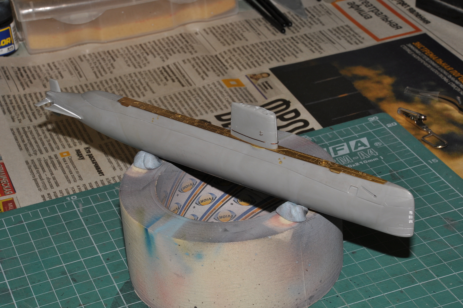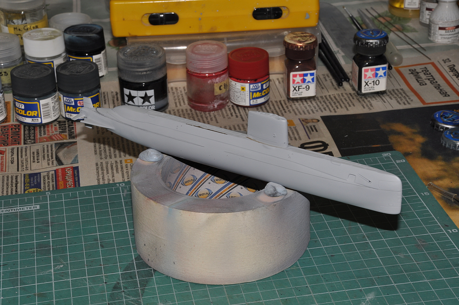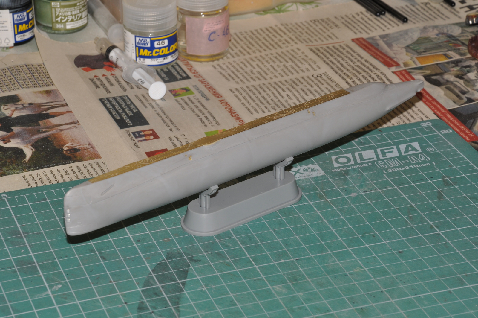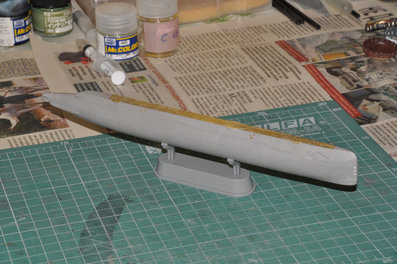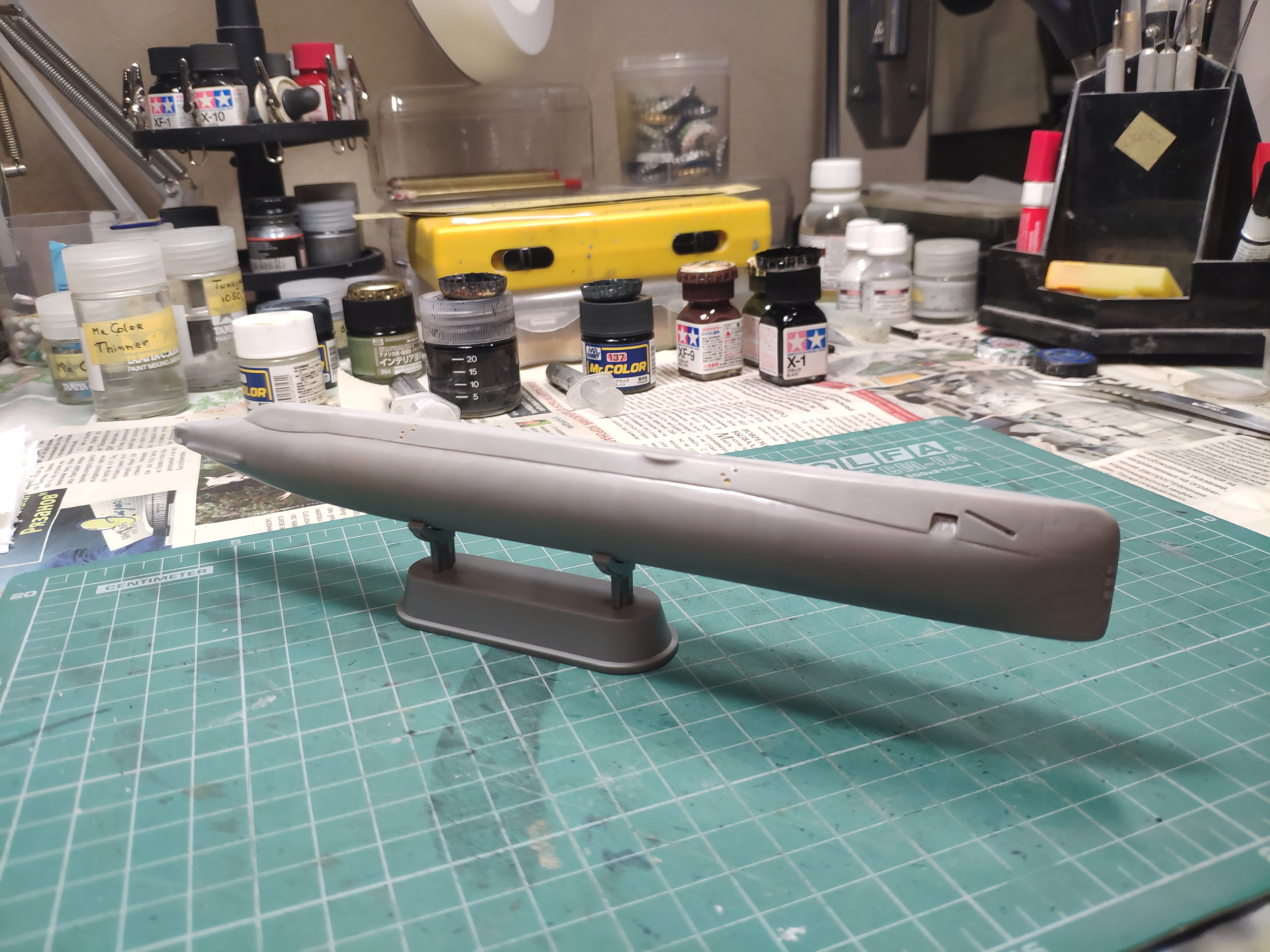 Итак, продолжаю. Победил таки узел соединения обтекателей гребных винтов с корпусом. Все вывел, щелей нет. Загрунтовал
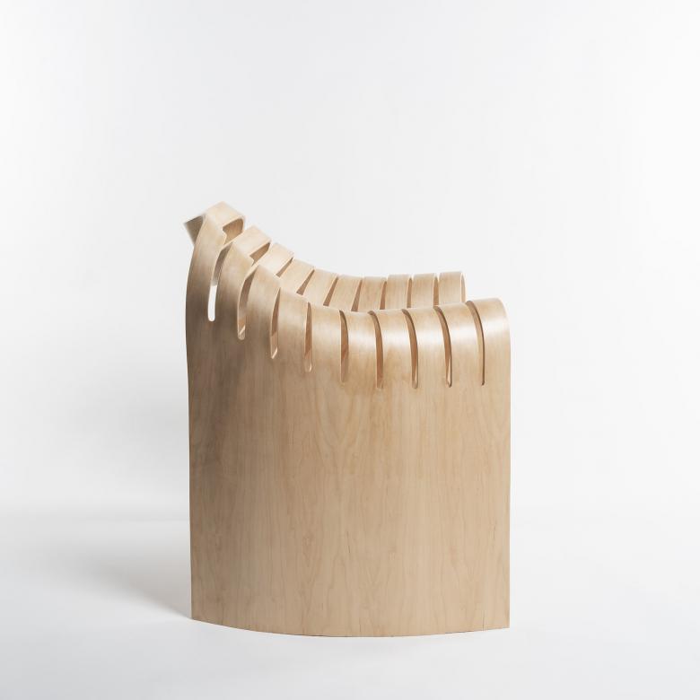 アイディアは非常に単純で、一枚の合板をストライプ状に切り欠き、曲率を丹念に調整しながら曲げてゆくだけです。
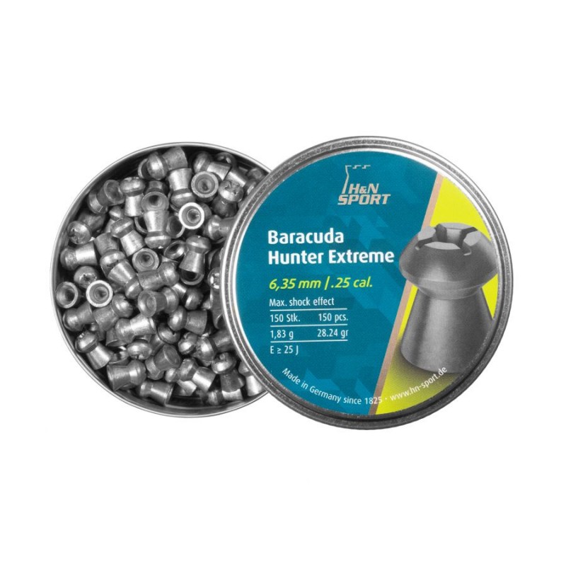 Diabolo H&N Baracuda Hunter Extreme 6,35/150 to ciężki, bardzo precyzyjny śrut do strzelań Field Target oraz długodystansowych. Dzięki krzyżowemu nacięciu na czubku, śrut posiada dużą energię obalającą oraz doskonałą aerodynamikę. Śrut zapewnia doskonałą powtarzalność oraz precyzję strzału, dlatego oprócz strzelania sportowego na zachodzie Europy jest również wykorzystywany do polowań na drobną zwierzynę.
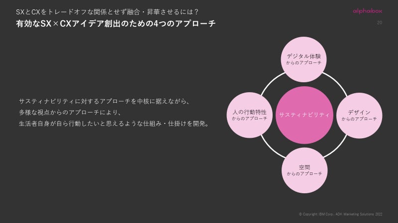 株式会社ADKマーケティング・ソリューションズ(本社:東京都港区、代表取締役社長:大山 俊哉、以下「ADK MS」)は、日本アイ・ビー・エム株式会社(本社:東京都中央区、社長:山口 明夫、以下 「日本IBM」)との共同事業であるCXコンサルティング・ユニットalphaboxにおいて、企業のサステナビリティ活動の推進・浸透を支援する新たな手法「CASES」の提供を開始しました。
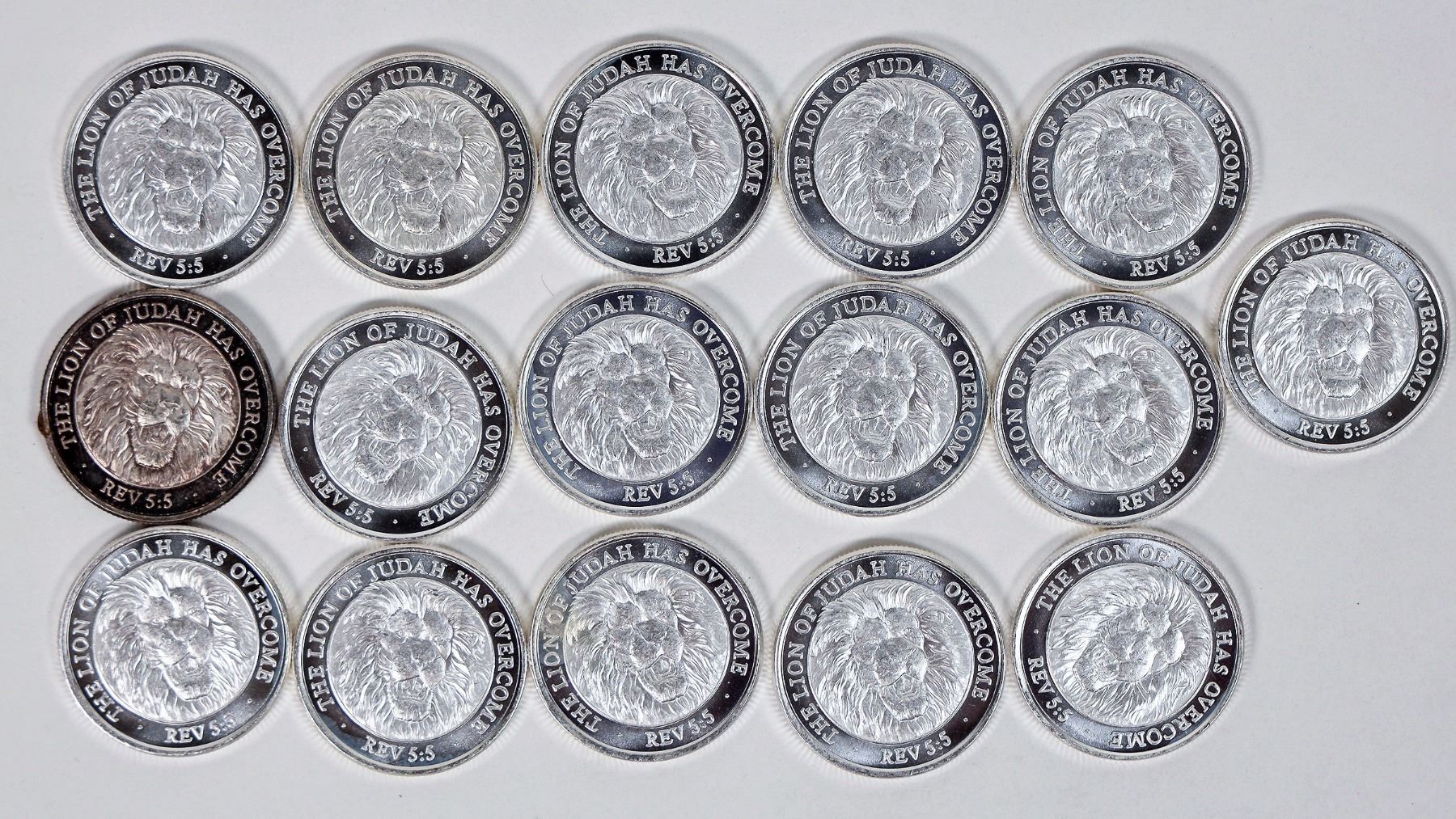 Uncirculated roll of 16 silver 1/2 troy ounce "Kingdom Shekel" coins. Created by Tsiyon.org ("Tsiyon Road Messianic Radio") The Silver Kingdom Shekel was designed and commissioned by Eliyahu ben David on behalf of Tsiyon. The obverse face of the Kingdom Shekel celebrates the overcoming Lion of Judah of Revelation 5:5. Who has taken the Scroll out of the right hand of the Father and has begun to remove its seals. The reverse face of the Kingdom Shekel illustrates the prophesied gathering of the faithful remnant of the Twelve Tribes of Israel into a unified Kingdom nation, manifesting the glory of YHWH in the Earth. 30 mm. The top coin has some toning on the obverse, the rest are brilliant uncirculated.
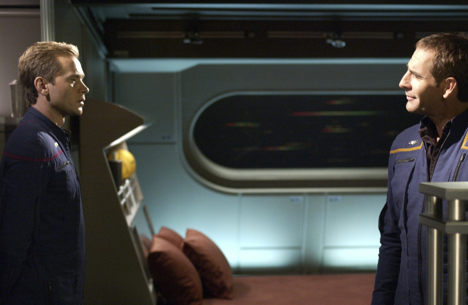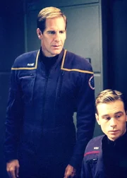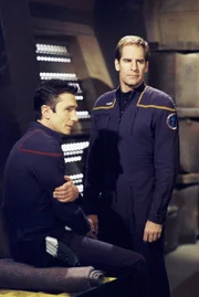 Schiff der GeisterAls die Besatzung eines abgestürzten Raumschiffes an Bord kommt, ist es mit der Ruhe von Lt. Reed (Dominic Keating, l.) und Captain Archer (Scott Bakula, r.) vorbei ...Bild: © Paramount Pictures Corporation Lizenzbild frei
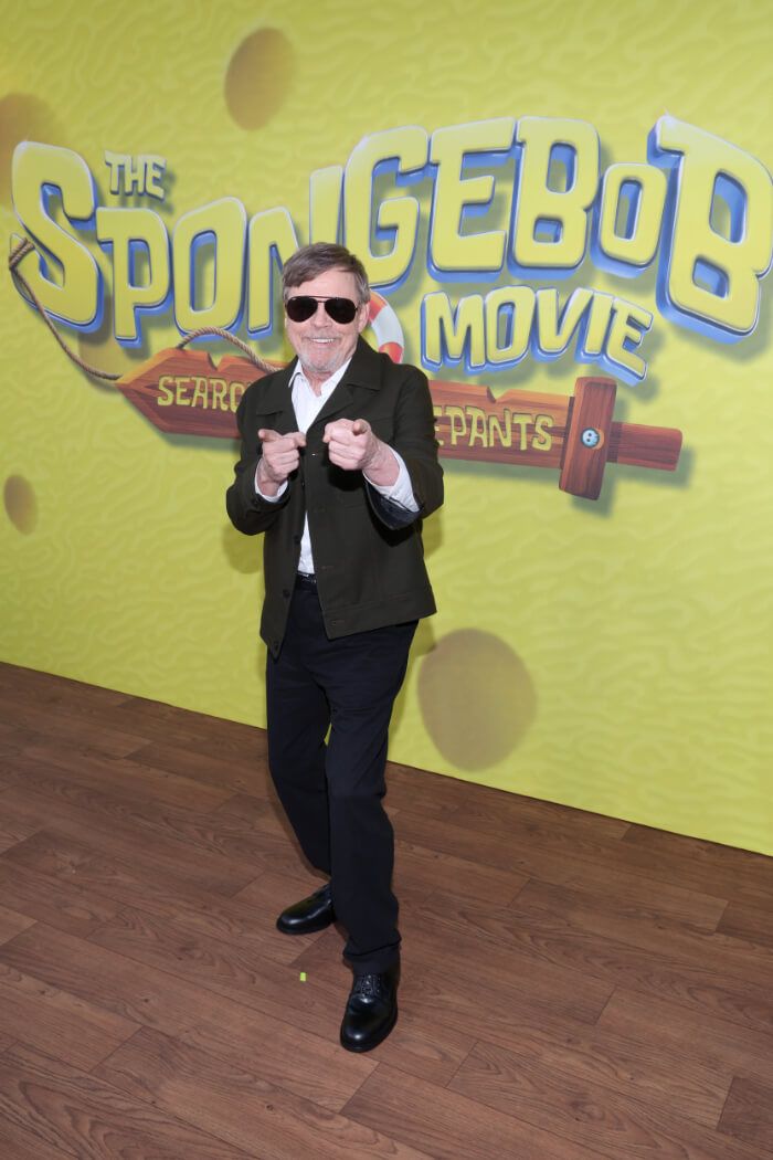 2025年12月15日、ロサンゼルスのパラマウント・ピクチャーズ・スタジオで行われたアニメーション映画『劇場版スポンジ・ボブ 呪われた海賊と大冒険だワワワワワ!』のホリデー上映会。日本では2026年4月1日公開。マーク・ハミルは、同作で「さまよえるオランダ人」の英語版声優を務めた。

========================================================================

Repeat the material exactly, without images.

 Итак, продолжаю. Победил таки узел соединения обтекателей гребных винтов с корпусом. Все вывел, щелей нет. Загрунтовал
 アイディアは非常に単純で、一枚の合板をストライプ状に切り欠き、曲率を丹念に調整しながら曲げてゆくだけです。
 Diabolo H&N Baracuda Hunter Extreme 6,35/150 to ciężki, bardzo precyzyjny śrut do strzelań Field Target oraz długodystansowych. Dzięki krzyżowemu nacięciu na czubku, śrut posiada dużą energię obalającą oraz doskonałą aerodynamikę. Śrut zapewnia doskonałą powtarzalność oraz precyzję strzału, dlatego oprócz strzelania sportowego na zachodzie Europy jest również wykorzystywany do polowań na drobną zwierzynę.
 株式会社ADKマーケティング・ソリューションズ(本社:東京都港区、代表取締役社長:大山 俊哉、以下「ADK MS」)は、日本アイ・ビー・エム株式会社(本社:東京都中央区、社長:山口 明夫、以下 「日本IBM」)との共同事業であるCXコンサルティング・ユニットalphaboxにおいて、企業のサステナビリティ活動の推進・浸透を支援する新たな手法「CASES」の提供を開始しました。
 Uncirculated roll of 16 silver 1/2 troy ounce "Kingdom Shekel" coins. Created by Tsiyon.org ("Tsiyon Road Messianic Radio") The Silver Kingdom Shekel was designed and commissioned by Eliyahu ben David on behalf of Tsiyon. The obverse face of the Kingdom Shekel celebrates the overcoming Lion of Judah of Revelation 5:5. Who has taken the Scroll out of the right hand of the Father and has begun to remove its seals. The reverse face of the Kingdom Shekel illustrates the prophesied gathering of the faithful remnant of the Twelve Tribes of Israel into a unified Kingdom nation, manifesting the glory of YHWH in the Earth. 30 mm. The top coin has some toning on the obverse, the rest are brilliant uncirculated.
 Schiff der GeisterAls die Besatzung eines abgestürzten Raumschiffes an Bord kommt, ist es mit der Ruhe von Lt. Reed (Dominic Keating, l.) und Captain Archer (Scott Bakula, r.) vorbei ...Bild: © Paramount Pictures Corporation Lizenzbild frei
 2025年12月15日、ロサンゼルスのパラマウント・ピクチャーズ・スタジオで行われたアニメーション映画『劇場版スポンジ・ボブ 呪われた海賊と大冒険だワワワワワ!』のホリデー上映会。日本では2026年4月1日公開。マーク・ハミルは、同作で「さまよえるオランダ人」の英語版声優を務めた。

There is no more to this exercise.